Existing outside the constraints of a domestic league might be the way forward
Days after winning their third title in four years within the modern, second-division NASL, the New York Cosmos have purged their squad and staff as a familiar demise seems inevitable 31 years on from their first collapse. On the pitch, the second iteration of the Cosmos was a success, but they were once again undone by their outsized ambitions in a volatile league.
Despite playing their home matches at a modest university stadium and competing in one of two rival second-division leagues in the U.S., the Cosmos still managed to harken back to their original star power by signing the likes of Marcos Senna and Raul to participate in a competition that seemed lightyears away from La Liga.
The high point for the second generation Cosmos—from a standpoint of continuing the glitz and international profile that made their forebears the iconic club of American soccer, even today—arguably came in their very first match after being reformed, though. Before they joined the second attempt at an NASL.
That first match was Paul Scholes’ testimonial. Sir Alex Ferguson’s Manchester United v New York Cosmos at Old Trafford. With Eric Cantona as the Cosmos’ “director of soccer” and manager for the day, leading a squad filled with aging greats like Fabio Cannavaro, Dwight Yorke, Robbie Keane, Patrick Vieira, and Robert Pires.

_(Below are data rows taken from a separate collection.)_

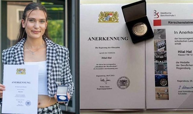 (REGENSBURG) – Almanya’nın Regensburg kentindeki Bayernhafen Meslek Okulu’nda eğitim gören Hilal Hal, büyük bir başarıya imza atarak okul tarihine geçti. Dört yıllık mesleki eğitim programını üç yılda tamamlayan Hal, aynı zamanda okulda "liman sistemleri" bölümünü bitiren ilk kız öğrenci unvanını kazandı.Ordulu gurbetçi bir ailenin çocuğu olan 24 yaşındaki Hilal Hal, Almanya’da mesleki eğitimde üstün başarı gösteren öğrencilere verilen prestijli “Kerscheinsteiner Madalyası” ile ödüllendirildi.Ailesinde de büyük gurur kaynağı olan Hilal Hal de ödül dolayısıyla büyük sevinç yaşadı.Okul yönetimi, Hal’in başarısının diğer öğrencilere ilham vereceğini belirterek, bu ödülün mesleki eğitimin önemini bir kez daha ortaya koyduğunu vurguladı.Bayernhafen Meslek Okulu yetkilileri, “Hilal Hal yalnızca zamanından önce mezun olmakla kalmadı, aynı zamanda akademik ve pratik başarılarıyla da örnek bir öğrenci profili çizdi” açıklamasında bulundu.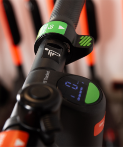 Il monopattino ES4 Professional è equipaggiato con un doppio sistema frenante: freno elettrico con sistema antibloccaggio sulla ruota anteriore e freno meccanico sulla ruota posteriore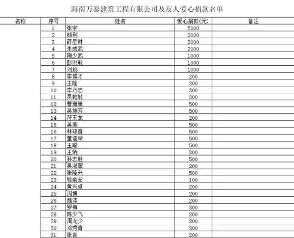 1月28日,我們?cè)诤D先f(wàn)泰建筑公眾號(hào)發(fā)布了海南萬(wàn)泰公司張小龍總經(jīng)理和海口市老年人福利院項(xiàng)目負(fù)責(zé)人林莉共同出資5萬(wàn)元購(gòu)買(mǎi)5000個(gè)N95口罩及飛利浦G31E病人監(jiān)護(hù)儀1套捐贈(zèng)給武穴市及張小龍總經(jīng)理組織同胞募捐的文章《心系荊楚,共渡難關(guān),這場(chǎng)戰(zhàn)“疫”,海南萬(wàn)泰在行動(dòng)!》,在公司引起了極大反響,大家主動(dòng)問(wèn)詢(xún)?nèi)绾尉杩顬楹币咔楸M一份力,大家的一腔熱血和愛(ài)心令人動(dòng)容,由此,我們迅速成立萬(wàn)泰籌募組,在公司內(nèi)部展開(kāi)了愛(ài)心捐款。愛(ài)心捐款行動(dòng)一呼百應(yīng),在短短不到兩天的時(shí)間里,萬(wàn)泰募捐組就收到了來(lái)自公司員工,萬(wàn)泰各地項(xiàng)目部及公司的合作友人的支持。截止目前,萬(wàn)泰籌募組已籌得284380元的善款!這些善款,我們已全部捐贈(zèng)給武穴市梅川鎮(zhèn)政府用于抗擊湖北疫情。捐款情況已向海南省湖北商會(huì),武穴市工商聯(lián),武穴市統(tǒng)戰(zhàn)部匯報(bào)。后續(xù)我們將跟蹤款項(xiàng)用途。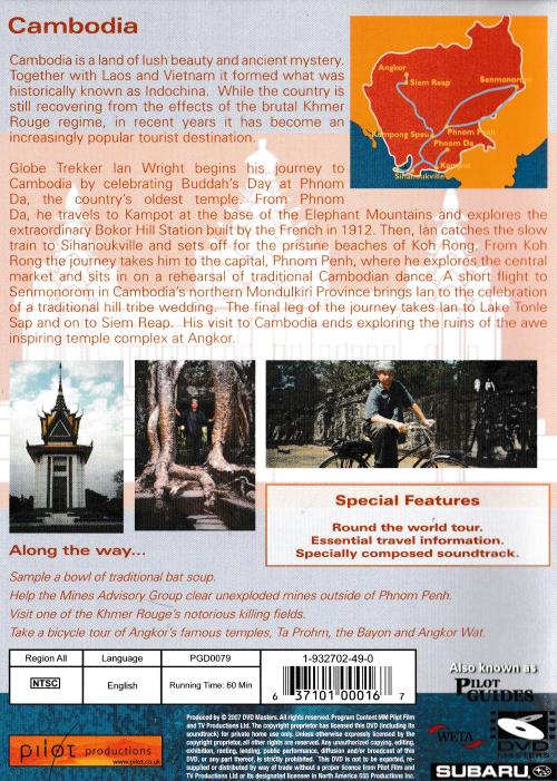 Cambodia is a land of lush beauty and ancient mystery. Together with Laos and Vietnam it formed what was historically known as Indochina. While the country is still recovering from the effects of the brutal Khmer Rouge regime, in recent years it has become an increasingly popular tourist destination. Globe Trekker Ian Wright begins his journey to Cambodia by celebrating Buddha s Day at Phnom Da, the country s oldest temple. From Phnom Da, he travels to Kampot at the base of the Elephant Mountains and explores the extraordinary Bokor Hill Station built by the French in 1912. Then, Ian catches the slow train to Sihanoukville and sets off for the pristine beaches of Koh Rong. From Koh Rong the journey takes him to the capital, Phnom Penh, where he explores the central market and sits in on a rehearsal of traditional Cambodian dance. A short flight to Senmonorom in Cambodia s northern Mondulkiri Province brings Ian to the celebration of a traditional hill tribe wedding. The final leg of the journey takes Ian to Lake Tonle Sap and on to Siem Reap. His visit to Cambodia ends exploring the ruins of the awe inspiring temple complex at Angkor. Along the way.... Sample a bowl of traditional bat soup. Help the Mines Advisory Group clear unexploded mines outside of Phnom Penh. Visit one of the Khmer Rouge s notorious killing fields Take a bicycle tour of Angkor s famous temples, Ta Prohm, the Bayon and Angkor Wat.

The Cosmos lost that match 6–0—after all, this was a group that had only met a few days earlier and they were playing against the reigning Premier League champions. Regardless of the result, the match and a Cosmos team filled with real-live Cosmos (plus Wayne Bridge) succeeded in sparking intrigue and excitement about the reborn club.
Obviously, to go from that to second-division matches at Hofstra University is a difficult trajectory. Flashy stadium proposals and attempts to claim a spot in MLS failed—league commissioner Don Garber rejected the idea of a third MLS New York team as recently as Friday—leaving the Cosmos in a dead-end position. Even if MLS did want them and the City of New York was willing to let them build a state of the art home of their own, that wouldn’t be the way for the Cosmos to be the Cosmos.
MLS’s constrictive rules and salary cap, as well as their “all for one” mentality, runs counter to the Cosmos’ big, bold, and individualistic image and a new stadium could be more of a burden than a necessity. So for the Cosmos to make a third go at existence, they might have to forge their own path. One outside the U.S. leagues that have always been too small for them.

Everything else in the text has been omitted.